[ABOUT THIS EXERCISE]: Your task is to transcribe the data exactly while omitting each picture.

[PROVIDED DATA]:
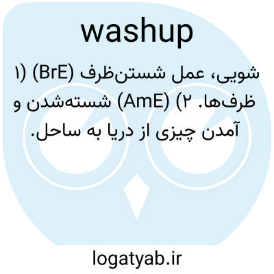 ۱) (BrE) ظرف‌شویی، عمل شستن ظرف‌ها. ۲) (AmE) شسته‌شدن و آمدن چیزی از دریا به ساحل.
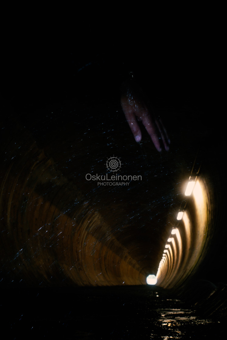 The Passage Beyond is a captivating series of self-portrait photos set in an old, rare, round tunnel, offering a journey through a liminal world between shadows and light. The tunnel's dark, wet walls and reflective puddles create a moody aesthetic, enhanced by the character’s long, turned coat and hat. Murky tones and earthly hues dominate the scene, evoking an ethereal atmosphere where time seems to blur. The interplay of shadow and light brings a cinematic feel to this mysterious space, where the character emerges from the darkness, backlit by the faint glow of light at the tunnel’s end. This series invites the viewer into a hidden journey, a visual storytelling experience where urban decay meets contemplative beauty.
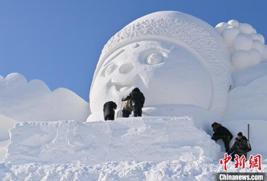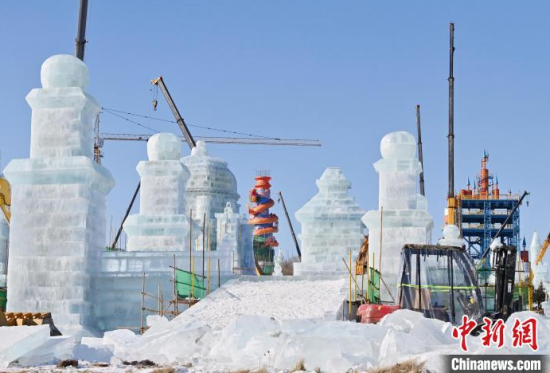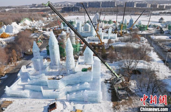 12月11日,吉林長春,工作人員正在長春冰雪新天地緊張施工。今年長春冰雪新天地總占地面積達到156萬平方米,冰雪雕塑200組創(chuàng)歷屆之最,并設置1314米的空中雪漂流、520米的冰滑梯等設施供中外游客游玩。中新社記者 張瑤 攝

[RESPONSE AREA]:
 ۱) (BrE) ظرف‌شویی، عمل شستن ظرف‌ها. ۲) (AmE) شسته‌شدن و آمدن چیزی از دریا به ساحل.
 The Passage Beyond is a captivating series of self-portrait photos set in an old, rare, round tunnel, offering a journey through a liminal world between shadows and light. The tunnel's dark, wet walls and reflective puddles create a moody aesthetic, enhanced by the character’s long, turned coat and hat. Murky tones and earthly hues dominate the scene, evoking an ethereal atmosphere where time seems to blur. The interplay of shadow and light brings a cinematic feel to this mysterious space, where the character emerges from the darkness, backlit by the faint glow of light at the tunnel’s end. This series invites the viewer into a hidden journey, a visual storytelling experience where urban decay meets contemplative beauty.
 12月11日,吉林長春,工作人員正在長春冰雪新天地緊張施工。今年長春冰雪新天地總占地面積達到156萬平方米,冰雪雕塑200組創(chuàng)歷屆之最,并設置1314米的空中雪漂流、520米的冰滑梯等設施供中外游客游玩。中新社記者 張瑤 攝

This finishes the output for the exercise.